From the Guidelines
Sjögren's syndrome treatment should prioritize symptomatic relief using topical therapies, with a focus on managing dry eyes and dry mouth, as well as addressing systemic symptoms such as fatigue and joint pain. For dry eyes, artificial tears like Systane or Refresh are used frequently throughout the day, with preservative-free options preferred for frequent use, as recommended by the 2020 EULAR guidelines 1. Prescription medications such as cyclosporine eye drops (Restasis) or lifitegrast (Xiidra) can reduce inflammation and increase tear production, with a study published in 2024 highlighting the benefits of autologous serum and autologous plasma rich in growth factors drops in improving ocular irritation symptoms and conjunctival and corneal dye staining in patients with Sjögren’s syndrome 1. For dry mouth, patients should sip water frequently, use sugar-free gum or lozenges, and consider saliva substitutes like Biotene, with pilocarpine (5-10mg three times daily) or cevimeline (30mg three times daily) prescribed to stimulate saliva production, as supported by the 2020 EULAR recommendations 1. Some key points to consider in the management of Sjögren's syndrome include:
- The use of topical therapies as the first-line approach for dryness, with a focus on symptomatic relief 1
- The importance of addressing systemic symptoms such as fatigue and joint pain, with hydroxychloroquine (200-400mg daily) often used to manage these symptoms 1
- The potential benefits of immunosuppressants like methotrexate (starting at 7.5-10mg weekly) or rituximab for resistant cases, with B-cell targeted therapies like rituximab considered in patients with severe, refractory systemic disease 1
- The need for patients to maintain good oral hygiene with regular dental visits, avoid smoking, limit alcohol and caffeine consumption, and use humidifiers in dry environments, as part of a multifaceted approach to managing the disease and improving quality of life.
From the Research
Treatment Options for Sjögren's Syndrome
- The treatment of primary Sjögren's syndrome is based on managing sicca features and systemic manifestations 2.
- Sicca manifestations are treated symptomatically with topical therapies, such as saliva substitutes and artificial tears 2, 3.
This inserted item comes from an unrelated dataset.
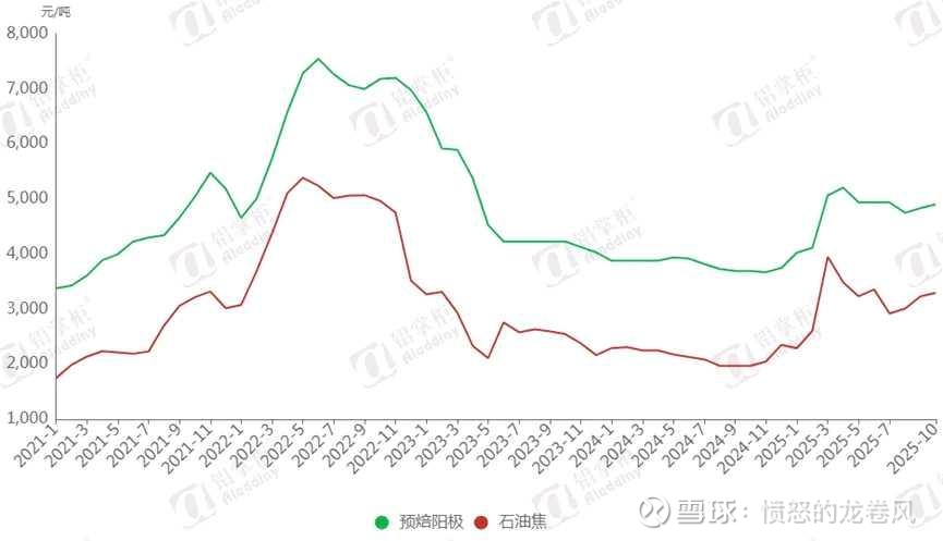 阿拉丁(ALD)调研了解,山东某大型铝厂2025年12月预焙阳极采购基准价环比上调300元/吨,执行现汇价5424元/吨,承兑价格5449元/吨。2025年1-12月份,山东某大型铝厂阳极采购基准价格约4838元/吨,同比去年累计上涨1028.5元/吨,按照吨铝单耗0.48吨阳极测算,全年电解铝企业阳极单项成本同比抬升494元/吨左右。
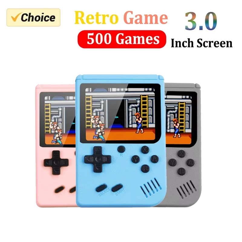 Built-in 500+ Classic Games 8-Bit 3.0 Inch Color LCD Arcade Retro Console for TV Video Game Handheld Player for Boy Kid Gift

- In patients with residual salivary gland function, stimulation of salivary flow with a sialogogue is the therapy of choice 2.
- The management of extraglandular features must be tailored to the specific organ or organs involved, and may include antimalarials, glucocorticoids, immunosuppressive drugs, and biologic agents 2, 3.
Biologic Treatment
- Biologic agents targeting B cells, such as rituximab, epratuzumab, and belimumab, have shown promising results in treating Sjögren's syndrome 4.
- T cell stimulation inhibition is another potentially effective target for SS treatment, with early-phase studies showing positive results with abatacept and alefacept 4.
- Modulation or inhibition of other targets, such as IFN, IL-6, and Toll-like receptor, are also being investigated as potential therapies for SS 4.
Symptomatic Relief
- Saliva substitutes can provide relief for patients with xerostomia, but the optimal properties of a saliva substitute may vary depending on individual salivary flow rates 5.
- Artificial tears can improve contrast sensitivity in patients with Sjögren's syndrome, particularly those with mucoadhesive properties 6.
- The effects of artificial tears on contrast sensitivity are limited, but may be more pronounced at medium spatial frequencies 6.